Loucos por Nada (Eagle vs Shark no original em inglês) marca o promissor debut do singular cineasta neozelandês Taika Waititi (à época ainda assinando como Taika Cohen) na direção de longas-metragens, dois anos após ter sido indicado ao Oscar de melhor curta-metragem em live-action por Dois Carros, Uma Noite – cuja ideia seria o embrião do seu segundo filme, o excelente Boy. A história dessa comédia romântica sobre dois fracassados (um dos temas fundamentais da filmografia diretor) foi escrita em parceria com Loren Taylor (a protagonista do filme e sua então namorada) durante o laboratório de diretores e escritores do Festival de Sundance.

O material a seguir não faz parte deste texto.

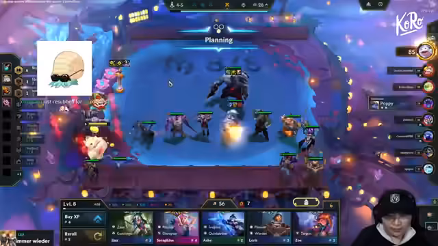 08:52:41Der Streamer taucht tiefer in die Analyse einzelner Champion-Builds ein. Er erklärt die Funktionsweise von Bart, dessen Freischaltung durch spezielle Roll-Strategien erfolgt und der eine Reroll-basierte Wirtschaftsfunktion bietet. Für Sion wird eine Komposition mit Draven und LeBlanc skizziert, die auf Stacks abzielt. Zudem wird der Bruiser-Build mit Sion als Kern behandelt, der durch hohe HP-Werte und statisches Schaden sehr stark im späten Spiel sein kann. Der Fokus liegt auf der optimalen Itemverteilung und Synergienutzung innerhalb dieser Builds.

Lily (Loren Taylor) é uma tímida e solitária atendente da rede de fast food Meaty Boy – até ser demitida em um “sorteio” feito pela gerência para contenção de custos. Seus pais morreram vítimas de ataques cardíacos e ela mora com o seu irmão Damon (Joel Tobeck). Jarrod (Jemaine Clement) é um viciado em video games que trabalha em uma loja de computadores. Lily é apaixonada por Jarrod, que é freguês assíduo da lanchonete, e ensaia na frente do espelho do banheiro como será o pedido de namoro que ele um dia irá fazer a ela – apesar do rapaz nunca nem notá-la.

Os dois têm em comum uma verruga acima dos lábios (direito no dela; esquerdo no dele) e duas vidas que ainda não chegaram a lugar nenhum, sempre no quase e nas desilusões; dois inadaptados sociais tentando encontrar amor de maneiras estranhas e incomuns. Um frustrado convite de Jarrod – feito inicialmente a uma indiferente amiga de Lily – para uma constrangedora e bizarra festa à fantasia, onde todos devem ir vestidos como seus animais prediletos, muda seus caminhos. Jarrod, auto-nomeado “Senhor Águia”, com seu ridículo traje de Águia, impressiona-se com a fantasia de Tubarão de Lily – um animal solitário como a garota. E mais ainda com a fantástica habilidade da jovem no game Fightman (bizarramente inspirado em Mortal Kombat).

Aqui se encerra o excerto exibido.